This is my problem:
A block of mass 1.50 kg is accelerated across a rough surface by a light cord passing over a small pulley shown in the image below. The tension T in the cord is maintained at 10.0 N, and the pulley is 0.140 m above the top of the block. The coefficient of kinetic friction is 0.360.
This is the question it is asking:
Find the largest value of x for which the acceleration is zero.
I have been trying to solve this for hours with no luck, please help.
Edit: To further explain my problem and what I have tried:
I know that to find x when acceleration = 0 you set the force of friction equation equal to force giving you Tcos(theta) = mu(mg - Tsin(theta) and then you put it in terms of x. I got (1/m)(mu)(m)(g)[x^2 + h^2]^-1/2 = (1/m)Tx + (1/m)(mu)(h)(T) (h being the height of the pulley).

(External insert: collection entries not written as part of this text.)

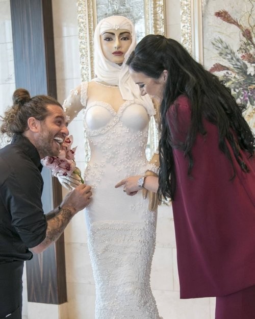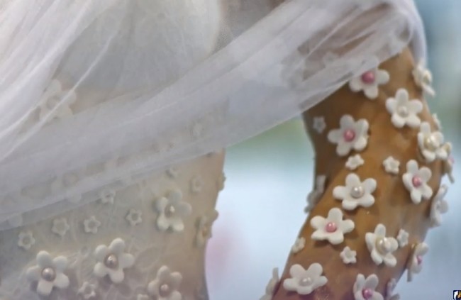 Ushbu hashamatli “kelin” ko’ylagini bezash uchun 5000 dona qo’lda kesib chiqilgan va pomadkadan yasalgan gullar, 10 ming dona yeyish mumkin bo’lgan marvariddan foydalanildi.
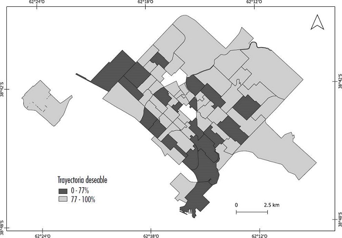 En principio, y a partir de la caracterización de los conglomerados identificados, es más probable que logren una trayectoria deseable quienes pertenecen al grupo de barrios con “condiciones favorables” para la escolarización, que quienes residen en barrios del cluster con “condiciones desfavorables” (véase Tabla 6).
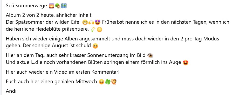 Spätsommerwege Album 2 von 2 heute, ähnlicher Inhalt:Der Spätsommer der wilden Eifel Früherbst nenne ich es in den nächsten Tagen, wenn ich die herrliche Heideblüte präsentiere. Haben sich wieder einige Alben angesammelt und muss doch wieder in den 2 pro Tag Modus gehen. Der sonnige August ist schuld Hier an dem Tag...auch sehr krasser Sonnenuntergang im Bild Und aktuell...die noch vorhandenen Blüten springen einem förmlich ins Auge Hier auch wieder ein Video im ersten Kommentar! Euch auch hier einen genialen Mittwoch Andi
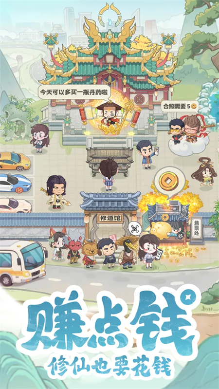 游戏中的神仙也进行了创新,每一位神仙在现代都有不同的职业,比如小摊贩、地质勘探师等,你需要利用好他们的职业去进行道观的创收,只有你赚的越多,弟子们才能更快的修炼,白天种田炼丹,晚上打坐修仙。
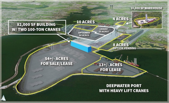Heavy industrial waterfront site offering 90 acres of development-ready land with deep water port access and heavy lift crane capabilities. This property features a 82,000 SF manufacturing building equipped with two 100-ton cranes and 100' ceilings, plus a 20,000 SF warehouse on 4 acres. The site includes multiple development parcels: a 54 acre parcel for sale/lease, 13 acre quayside with deepwater port access, and other development ready parcels throughout. Location provides access to I-195 and Highway 24.
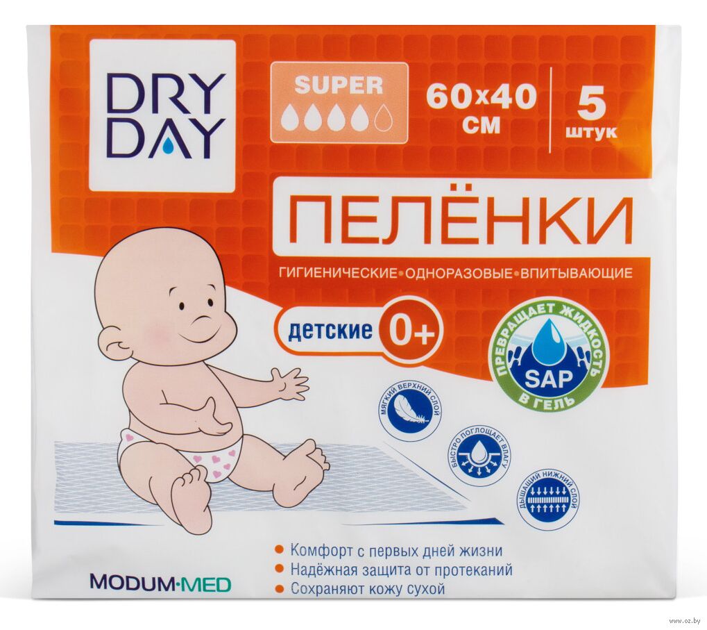 Пелёнки одноразовые детские "Super 0+" (5 шт.; 60х40 см)
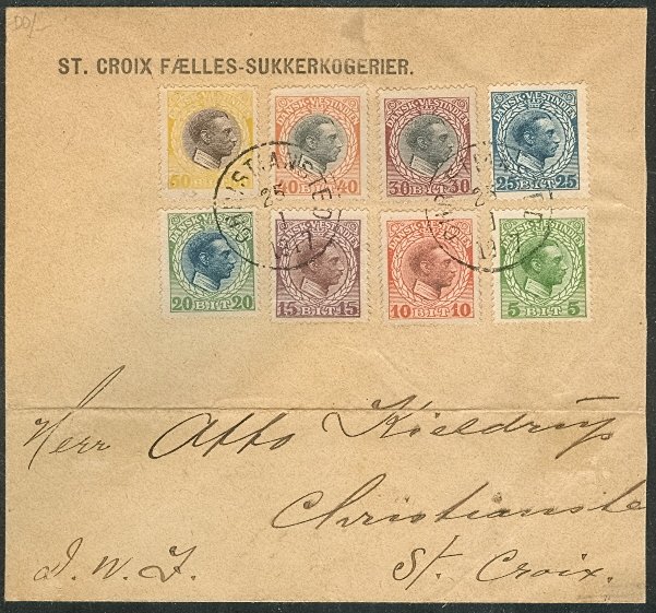 Chr. X set used on reduced 1917 cover and tied Christiansted, very scarce
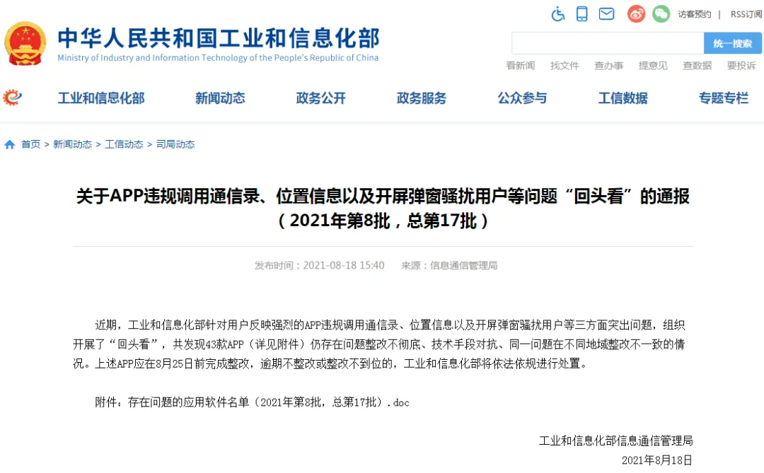要求上述APP在8月25日前完成整改,逾期不整改或整改不到位的,将依法依规进行处置。来源 | 工业和信息化部信息通信管理局
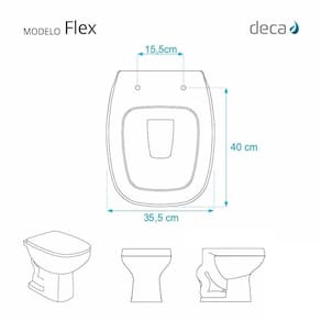 Este assento sanitário é compatível para uso em vaso sanitário Deca modelo Flex com ou sem caixa acoplada (é compatível com os dois tipos de vasos).

I then substitute in my variables m = 1.5kg, h = 0.14m, mu = 0.36, and T = 10N. I guess what I’m asking is if that equation is correct because it worked for a practice problem with different numbers but not the numbers in the problem where it counts.
You have
$T\cos(\theta) = \mu (mg-T\sin(\theta))$
$\cos(\theta) = \frac{x}{\sqrt{x^2+h^2}}$
$\sin(\theta) = \frac{h}{\sqrt{x^2+h^2}}$
plugging these into the original equation we get:
$T\frac{x}{\sqrt{x^2+h^2}} = \mu (mg-T\frac{h}{\sqrt{x^2+h^2}})$
multiply both sides by $\sqrt{x^2+h^2}$
Is this what you also got?
$Tx = \mu (mg\sqrt{x^2+h^2}-Th)$
Now plug in everything and solve for x. You'll have to isolate the square root. Then square both sides, simplify and use the quadratic formula. What do you get?